L’établissement hospitalier nancéien a décidé de participer au protocole expérimental Inserm intitulé Discovery « avec pour but de travailler sur l’ensemble des thérapies possibles pour soigner les malades du Covid-19 », a déclaré Laurent Hénart, l’édile de la cité ducale, dans des propos rapportés par le site Lorraine Actu. Il y a d’autres thérapeutiques expérimentales testées : le remdemsivir ou encore le lopinavir en combinaison avec le ritonavir.

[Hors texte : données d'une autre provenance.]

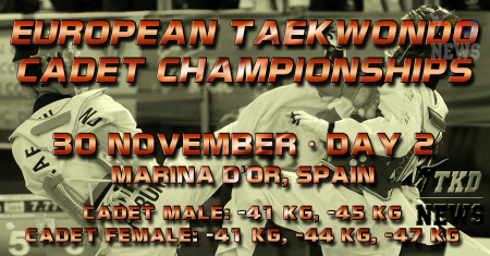 30 Ноября во второй день Первенства Европы по тхэквондо среди кадетов, проходящего в Испании, спор за медали поведут девушки в весовых категориях до 41 кг, до 44 кг, до 47 кг и юноши - до 41 кг, до 45 кг. Следите за нашими новостями на сайте и в комментариях к новости в нашем паблике в ВКонтакте. Сетки второго дня в прилагаемом файле.

Le CHR Metz-Thionville a lui aussi choisi d’être pragmatique et de participer à l’essai national pour faire avancer la recherche, comme l’explique à ViàMirabelle Sébastien Gette, chef du service de réanimation du CHR. « On veut tous croire à des traitements qui marchent mais la réalité elle est souvent inverse. Dans un protocole d’étude, on va inclure des patients qui auront certains médicaments et à la fin de l’étude, on aura des réponses sur les médicaments efficaces, pas efficaces ou même dangereux ». 

Au total, ce sont 800 patients français qui vont participer à cet essai clinique alors que sept autres pays sont dans la boucle, dont la Belgique, les Pays-Bas, le Luxembourg, le Royaume uni, l’Allemagne et l’Espagne. « L’analyse de l’efficacité et de la sécurité du traitement sera évaluée 15 jours après l’inclusion de chaque patient », précise l’Inserm.